Wednesday, July 20, 2011

Friends are friends forever?

Liz and Erica on St. Patty's Day
If I were to try and fill this blog solely with our adventures in infertility, it would be spotty at best so don’t be surprised if you see more frequent posts that have nothing to do with baby-making. Today’s ramble was inspired by a conversation with a friend of mine. I stated that good friendships, like good marriages, require work from both ends. Relationships go through phases and the ones that are meant to last, do. That got me thinking about the friends I have had over the years.

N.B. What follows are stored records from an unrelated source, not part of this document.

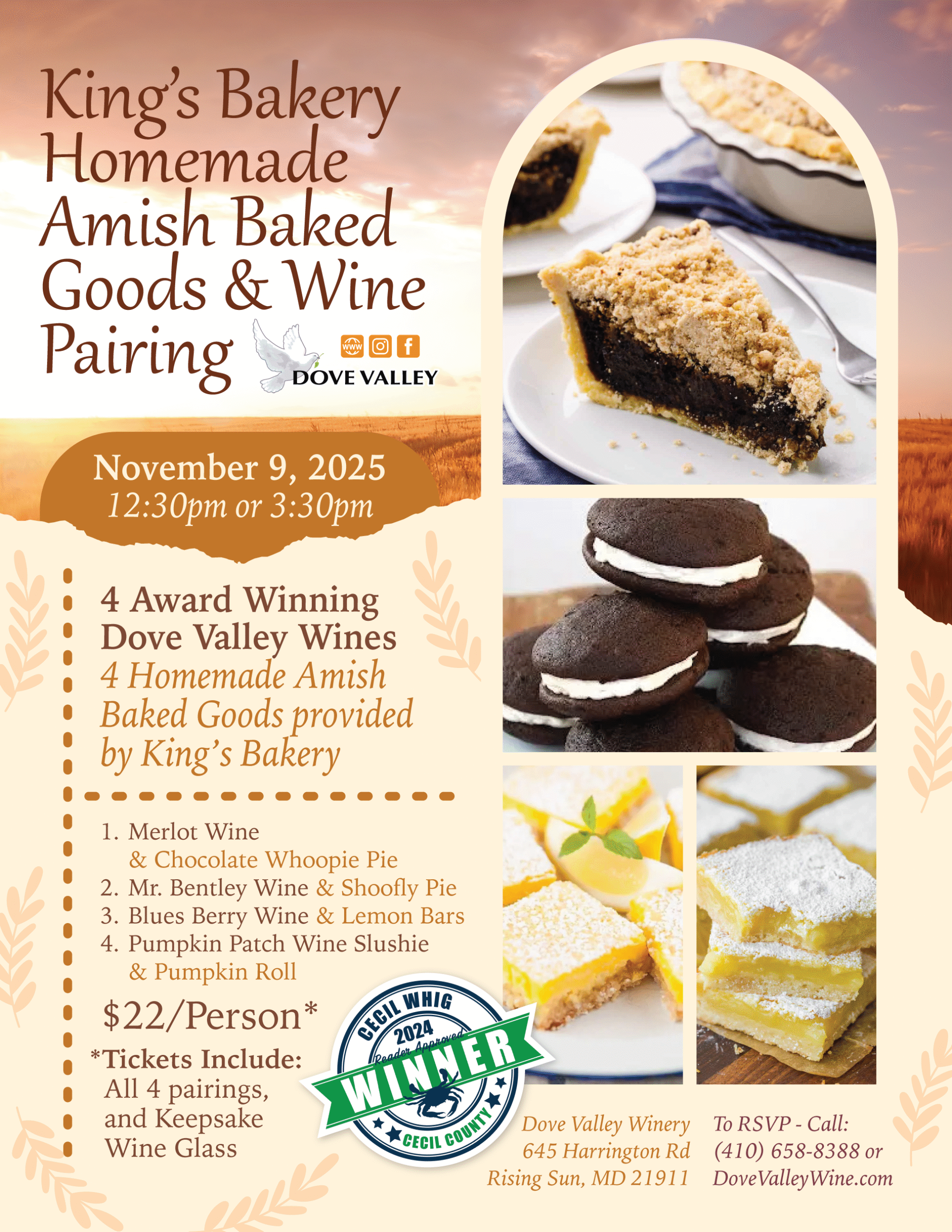 Homemade Amish Baked Goods & Wine pairing*Nov.9th*3:30pm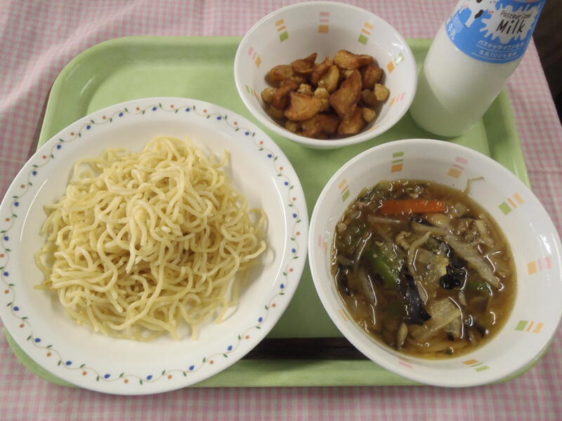 <献立>牛乳・八王子ラーメン(つけ麺)・芋と豆のペペロンチーノ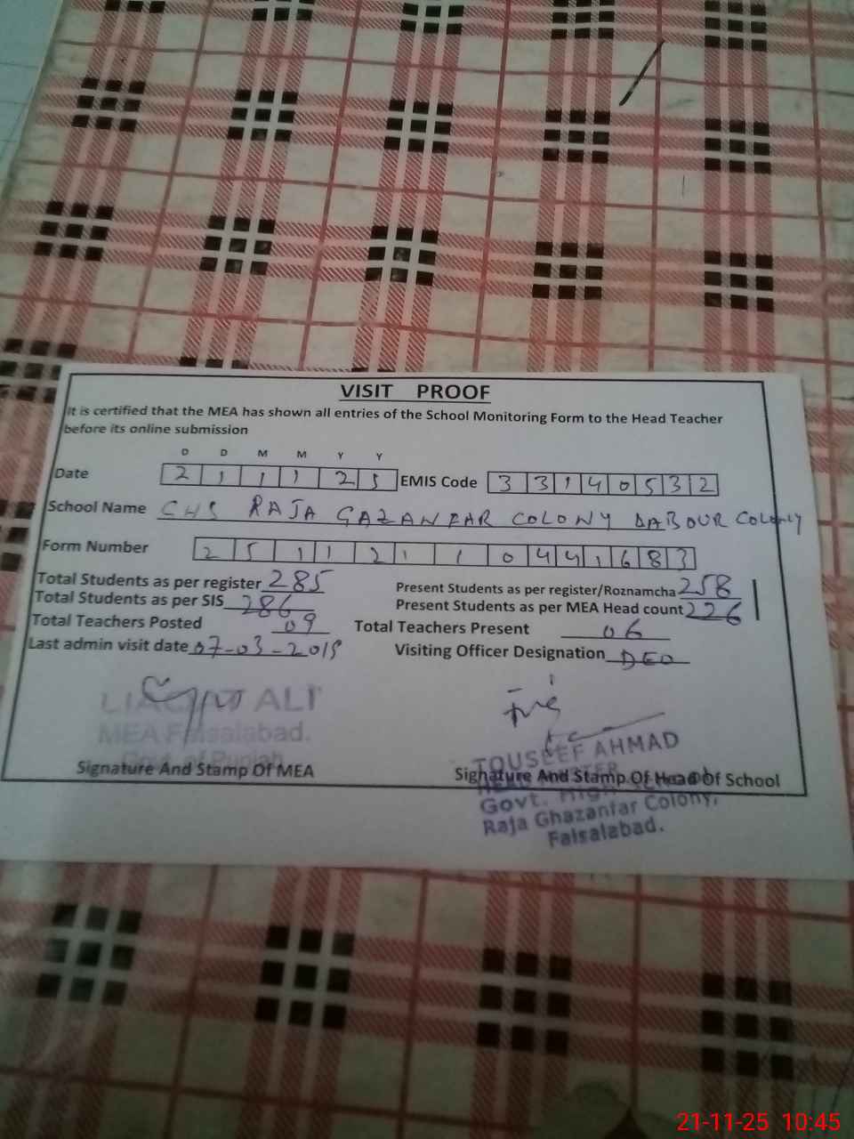 | Attendance Register | Head Teacher | MEA with School | Visit Proof |

The one constant has been that I have always kept a very small circle of close friends, as in 1-2 at any period in my life. I have yet to determine whether that is by choice or just the way it has worked out. I used to long to be more popular and have a slew of close girlfriends, but these days, I am content with what I have and am happy to say Georgia has treated me well when it comes to friends (see photo!).

I have a pretty high standard for friends, a standard that has been cultivated over the years from too many feelings of being let down by someone I cared about. I need my friends to be an active part of my life and reach out to me as often as I reach out to them. In the spirit of honesty, I admit that I have not always been a good friend. There are more than a few occasions where I acted like the total and complete opposite of a friend. I’m thankful to say that I’m still friends with some of the people I hurt (and you know who you are) the most during my misguided, fickle, jealous youth — proof that the good ones stick.

Friendships were easier to keep up when we were in school; everyone was together all the time. Now that we have grown up and moved all over the country, a lot more effort is needed to keep the connection fresh. Distance and different types of lives make it difficult and while things like Facebook are great for not losing touch completely, I think it also leads to a false sense of intimacy.

I no longer waste time on forcing friendship. I will try numerous times to connect but if all I get is static on the other line, I eventually leave it up to them. In fact, J and I did that with a couple we were friends with in Virginia. We invited them to a million different things, but they always had an excuse so we finally stopped asking and they never took the time to reach out to us. We ended up cutting our losses. Sad, but true.

What about you? Are you still in touch with friends from different times of your life? Do you make it a priority to maintain those connections? The best girlfriends are simply invaluable and I’m curious to see what others do to keep those relationships fresh.